Regulation of urothelial and bladder function by oxidative stress – the role of Nox enzymes

A self-funded studentship investigating the role of reactive oxygen species in regulating bladder function - part of a major project looking into bladder ageing funded by the BBSRC and NIH.
Start date
Application deadline
Funding information

Accepted candidates are required to pay standard tuition fees in addition to 20% of bench fees. Materials and consumables will be provided.

Funding source
Self-funded students only
Supervised by


Reactive oxygen species participate in normal cell function but excessive production of ROS and cause pathological damages to the tissue. Of several ROS generating enzymes, NADPH oxidase (Nox) family is the only enzyme that produces ROS as its sole function, thus offering the advantage of specificity over other enzymes as the drug target.

Bladder dysfunction is a major age-associated chronic disease and presents a major health and social challenge to our ageing society. The recent recognition of the urothelium – mucosal lining of the bladder, as a new sensory structure has significantly advanced our understanding of bladder function and pathogenesis. However, the role of ROS and Nox in bladder function, in particular, in urothelial function and bladder ageing, has never been examined. Our pilot study suggests a role of ROS and Nox enzymes in bladder function.

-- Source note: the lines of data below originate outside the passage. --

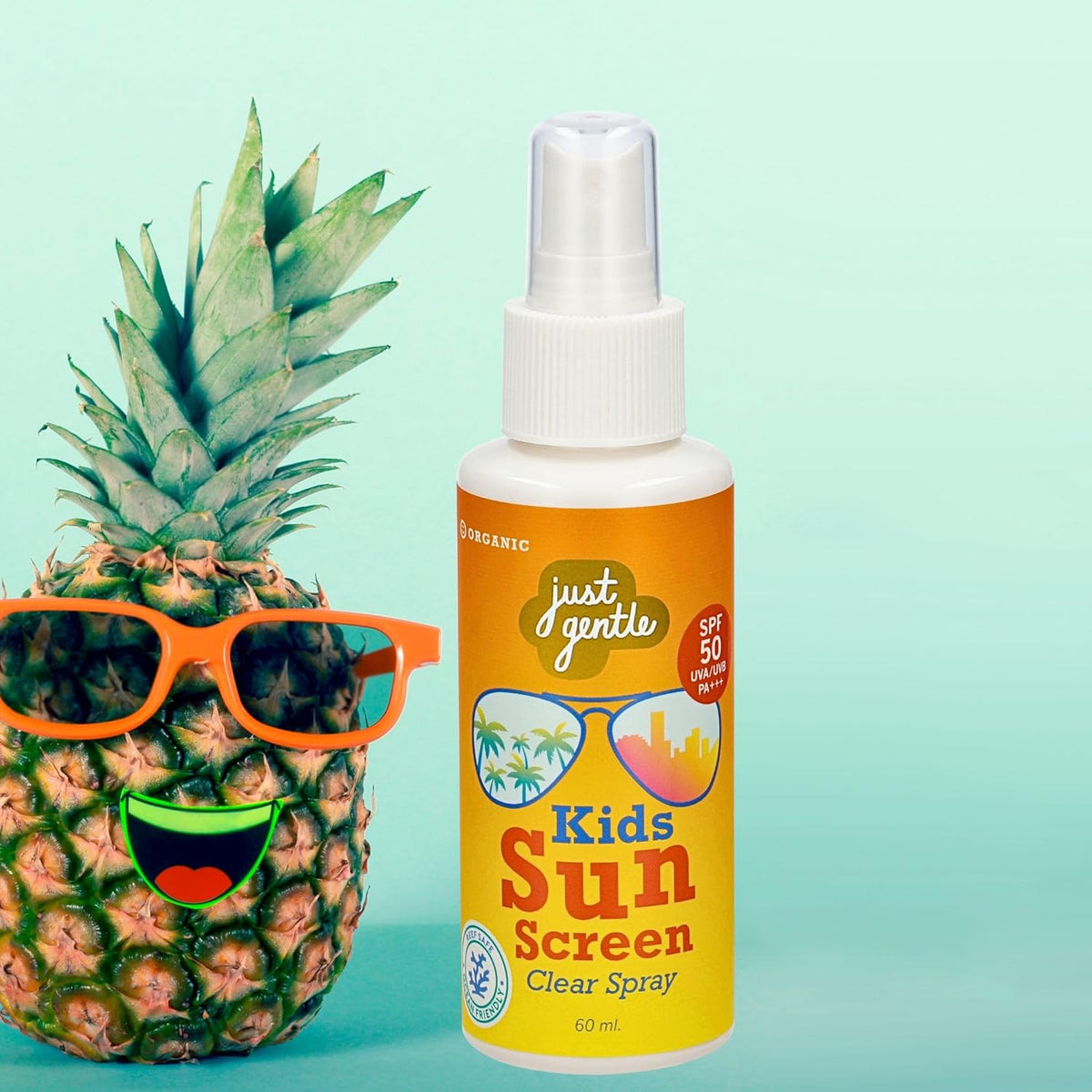 Just Gentle Kids Sunscreen Clear Spray SPF 50 PA+++ is a highly safe, clear non-sticky formula and water resistant formula easily sprays on without leaving any white residue. It offers the highest protection level for the Skin for Kids with high UVA and UVB protection SPF 50 PA +++ and at the same time provides soothing and nourishment with a blend of organic oils such as Jojoba oil, olive oil, Inca inch oil, argan oil, coconut oil and geranium oil. It is free from harmful chemicals such as oxybenzone that harm coral/ocean life. So feel assured that our product not only effectively protects from the sun but is also "Ocean and Reef Safe" too.
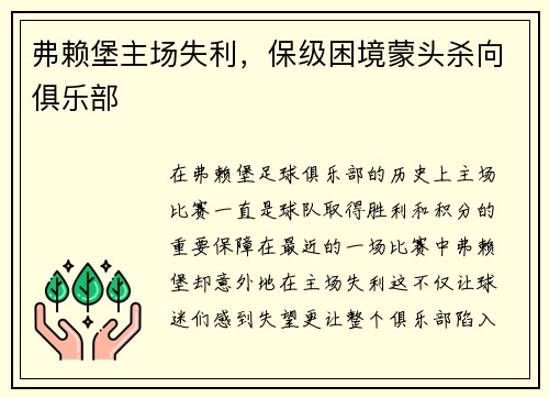 在弗赖堡足球俱乐部的历史上,主场比赛一直是球队取得胜利和积分的重要保障。在最近的一场比赛中,弗赖堡却意外地在主场失利,这不仅让球迷们感到失望,更让整个俱乐部陷入了深深的保级困境。随着赛季的深入,这一场失利可能成为压倒骆驼的最后一根稻草,让弗赖堡在保级的道路上愈加艰难。
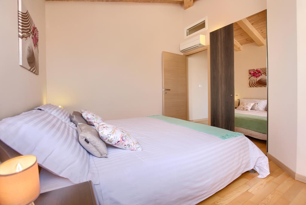 The terraced house in the village of Volme near Banjol offers guests a pleasant and beautiful stay. It is equipped with quality furniture and each room has air conditioning, which provides a pleasant stay on warm summer days (3 air conditioners). The house has two bedrooms for 2 people, two toilets, a kitchen with a living room in which there is a corner sofa bed, very comfortable for 1 person. In one bedroom there is a folding cot. The house also has a courtyard with a barbecue that is used only by guests, and within the building there is a beautiful swimming pool that is also used by the surrounding buildings, mostly weekenders. The sea is only 300m away, and only 3000m is the RT Kamenjak with the most beautiful beaches in Istria. There are many cycling paths in the village, so you can also get to Premantura by bike. For pets, the surcharge is 60e for the entire stay
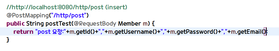 ์ด๋ ๋ฏธ๋ฆฌ ๋ง๋ค์ด๋์ member ํด๋์ค๋ฅผ ํ์ฉํ์ฌ HTTP ์์ฒญ์ ํ์ธํด๋ณผ ์ ์๋ค. ๋จผ์ ์๋์ ๊ฐ์ด getTest ๋ฉ์๋๋ฅผ ์์ ํ postman์์ get ์์ฒญ์ ํด๋ณด๋ฉด
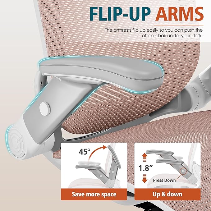 • 【ADJUSTABLE FLIP-UP ARMS】-If you want to make the most of the space under the table or choose a home desk chair for a small space/bedroom, this is the office chair for you! The GABRYLLY ergonomic office mesh chairs' armrest can be folded up(45°) and be adjusted the arms' height(1.8'').
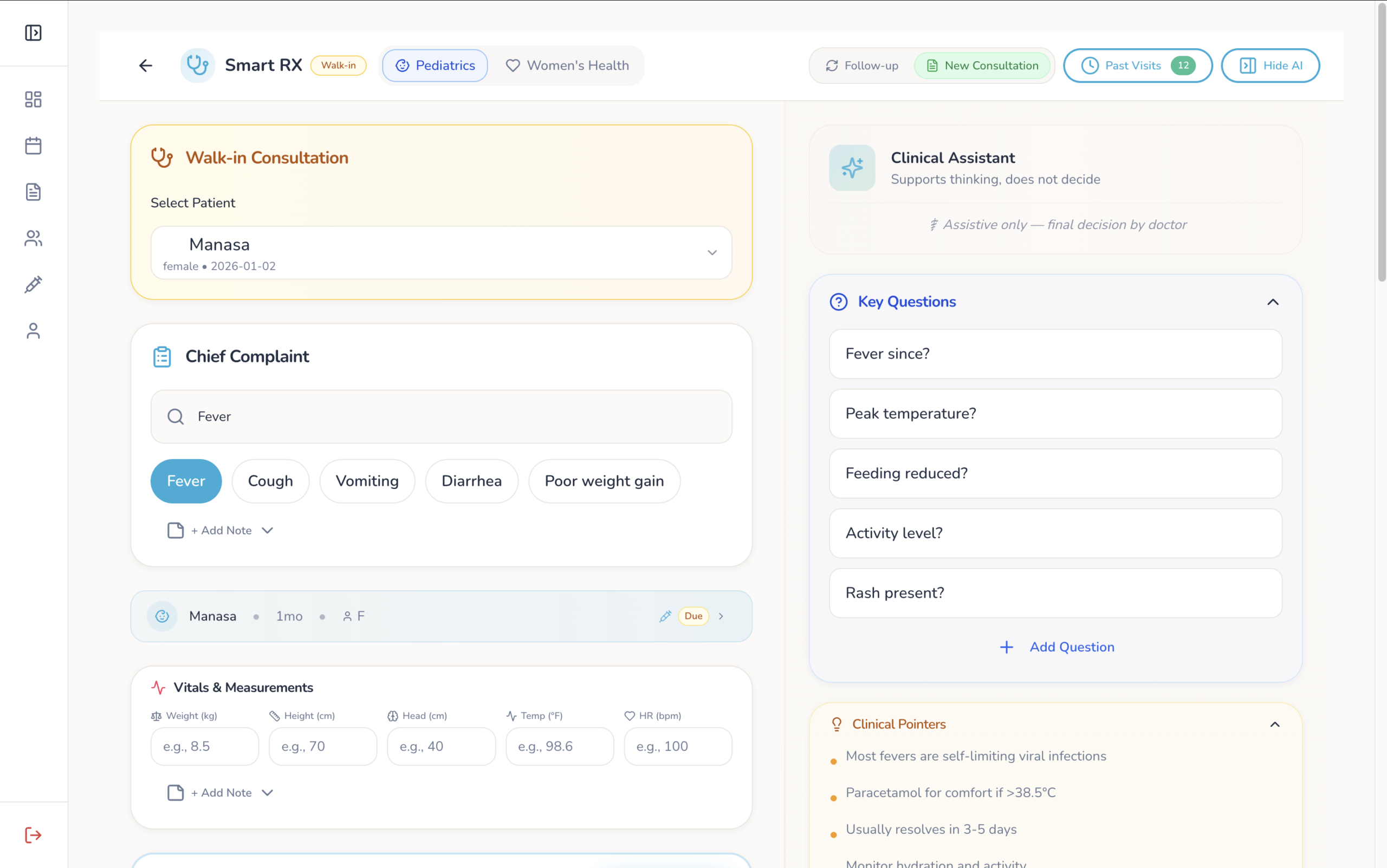 Specialty-specific SmartRx layers designed for Pediatrics, Gynaecology and Obstetrics, enabling accurate prescriptions, clinical decision support, and faster consultations.

This is the first investigation into the role of ROS in regulating bladder function - part of a major project looking to bladder ageing funded by the BBSRC and NIH. The novelties of Nox enzymes and the urothelium provide an enthusiastic PhD student with a stimulating opportunity to address this highly significant scientific question. We will test the hypothesis that ROS and Nox are key regulators in urothelial and bladder function and Nox-derived ROS and oxidative damage contribute to ageing bladder dysfunction.

The project has three main objectives:

  1. To determine the enzymatic sources of ROS in the bladder urothelium and smooth muscle, and the contribution from Nox subtypes
  2. To assess the regulation of ROS production/Nox activation by bladder-related inflammatory mediators
  3. To determine the functional relevance of ROS/Nox activation in bladder function and contribution of Nox-derived oxidative stress to ageing bladders.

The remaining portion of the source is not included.